Era ropa que el tío Kenzo le había pedido que le comprara en su último viaje de negocios. Como había olvidado entregársela, se había quedado guardada en casa.
—Es nuevo. Cámbiate esa ropa mojada —le dijo, dejando las prendas sobre el mueble del baño, y se dio la vuelta para salir.
Diez minutos después, Rosendo apareció con la ropa deportiva que no era de su talla. Sus ojos oscuros ocultaban emociones indescifrables.
Apenas salió del baño, se notó que no se había secado el cabello; las gotas de agua aún escurrían.
Al verlo, Gretel le lanzó una toalla.
—Sécate, vas a mojar todo el piso.
Rosendo la atrapó en el aire y se sentó en el sofá con total naturalidad.
Al notar que no tenía ninguna intención de marcharse, ella se detuvo.
—Tú...
Él se colocó la toalla sobre los hombros y empezó a secarse el pelo despacio. Su voz había recuperado casi todo su tono grave habitual, aunque todavía quedaba un leve rastro de ronquera.

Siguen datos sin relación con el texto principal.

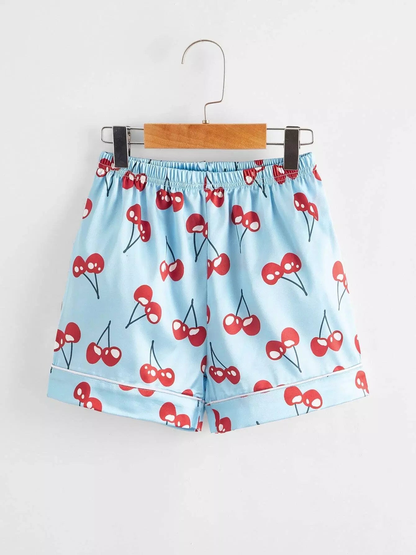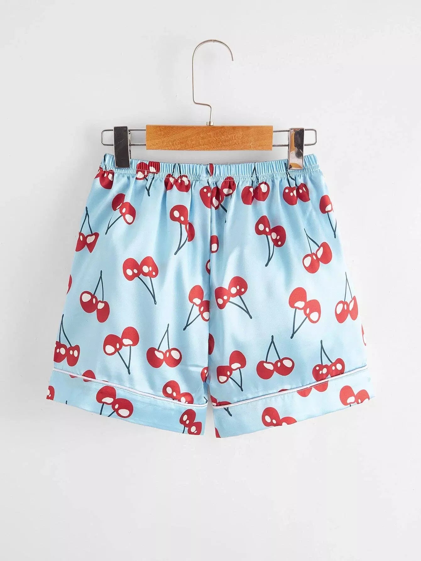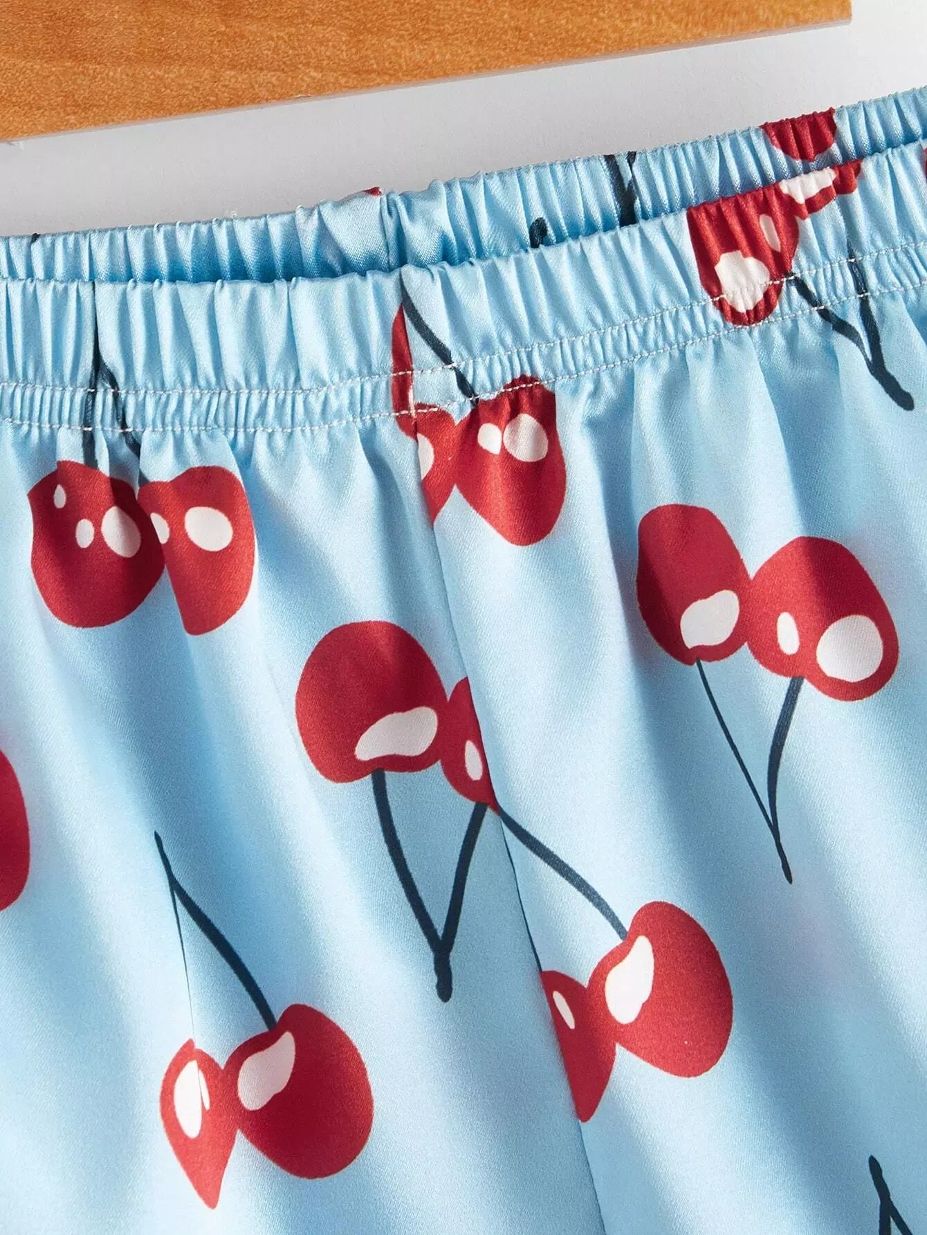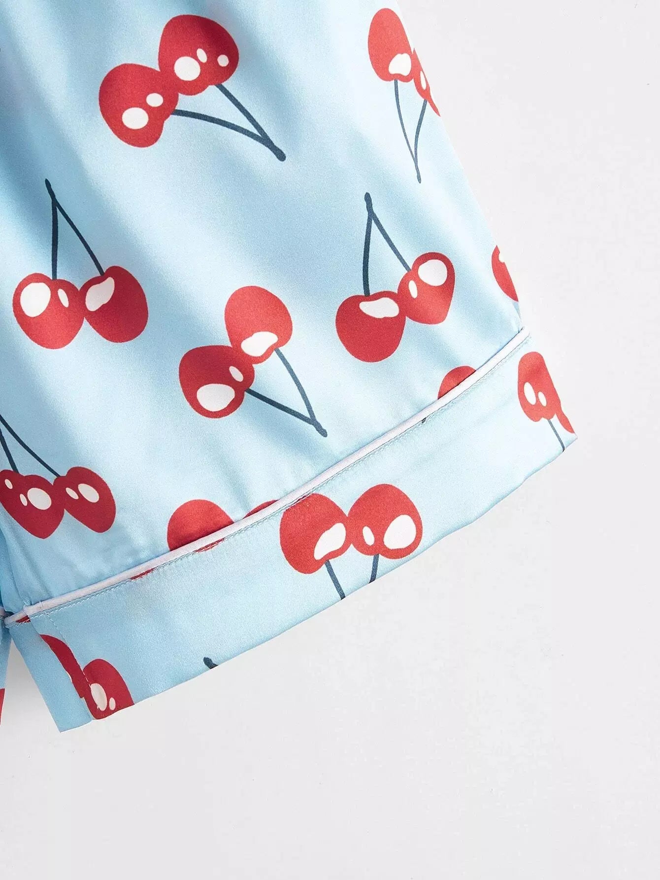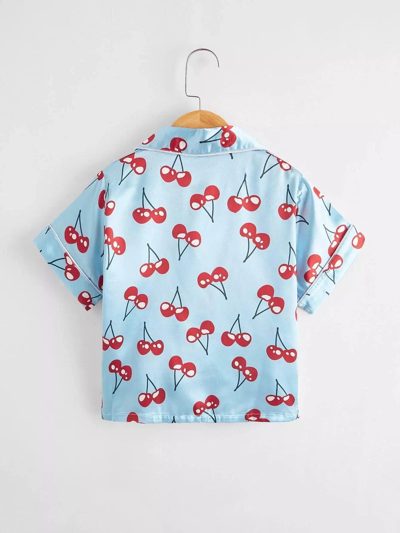 طقم بيجامة ساتان أمامي من الساتان بطبعة كرز للبنات بياقة على الرقبة وجيب أمامي

—Me iré mañana a primera hora.
Ella lo observó durante un par de segundos.
—Como quieras.
En ese estado y negándose a ir a un hospital, la verdad es que tampoco se quedaba muy tranquila dejándolo ir.
Cerca de las dos de la madrugada, Gretel salió de su cuarto de puntillas.
No había podido pegar el ojo; la preocupación no la dejaba descansar.
Con las luces de la sala apagadas, apenas podía distinguir una silueta en el sofá.
Encendió la pantalla de su teléfono para iluminar un poco y, al acercarse, vio que Rosendo no se había tapado con nada y seguía usando aquel conjunto deportivo.
Frunció el ceño y le tocó la frente.
Estaba ridículamente frío.
Temiendo que pescara un resfriado o una fiebre, se dio la vuelta para buscar una cobija, pero él le sujetó la muñeca.
No fue un agarre agresivo, pero tampoco pudo zafarse.
—...¿Rosendo?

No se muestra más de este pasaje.